The ‘logical’ identifier of the entity in the system of record, e.g. a UUID. This ‘id’ is unique within a given system. The identified entity may have a different ‘id’ in a different system, or may refer to an ‘id’ for the shared concept in another system (e.g. a CURIE).

label

string

0..1

A primary label for the entity.

description

string

0..1

A free-text description of the entity.

extensions

Extension

0..m

type

string

0..1

MUST be “Allele”

digest

string

0..1

A sha512t24u digest created using the VRS Computed Identifier algorithm.

expressions

Expression

0..m

location

IRI | Location

1..1

The location of the Allele

state

SequenceExpression

1..1

An expression of the sequence state

Implementation Guidance

Sequence Location Coordinates

The location property of the allele will almost always have start and end coordinates that are specified using integers (not Range). There are some situations, such as the detection of deleted sequence by microarray, where it may be appropriate to represent the variant as an Allele; however, other classes for representing such findings should also be considered (e.g. CopyNumberCount).

Normalization

The Allele also includes conventions for variant normalization (see Allele Normalization) that allows for compact and uniform representation of variants.

New in v2

In VRS v1.x, normalization included methods for full justification of variants, as derived from the NCBI VOCA algorithm. In v2, this has been extended to include reference length encoding (see ReferenceLengthExpression), to accommodate compressed representation of variants that occur in large repetitive regions.
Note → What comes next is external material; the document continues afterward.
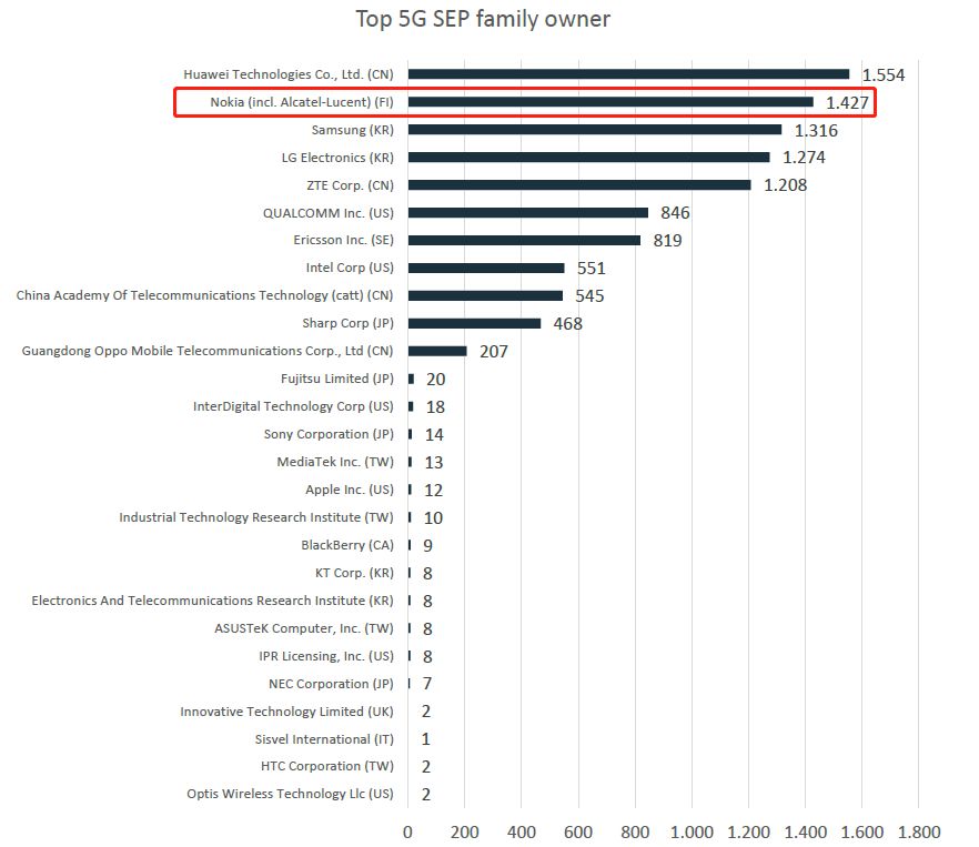 从更为关键的已申报SEP的顶级专利所有者一项可以看出,随着美国和韩国相继商用5G,与去年12月底的那份报告相比,各家厂商的SEP数量和排位发生不小变化。中国企业的排位持续上升,华为1554项、中兴1208项、大唐545项分列第一、第五、第九位,OPPO拥有207项,跌出前十,位列第十一。诺基亚则彻底翻身,从第十名一跃至第二名,拥有的SEP也从299项增长为1427。

For alleles in small repeating regions, it may be convenient to also use the ReferenceLengthExpression.sequence attribute to represent the sequence state explicitly alongside the reference encoding.

Expressions

New in v2

The v2 variation classes now support expressions. This is a convenient mechanism for annotating Alleles using string syntaxes following the conventions other variant standards (e.g. HGVS, SPDI) and resources (e.g. ClinVar, gnomAD).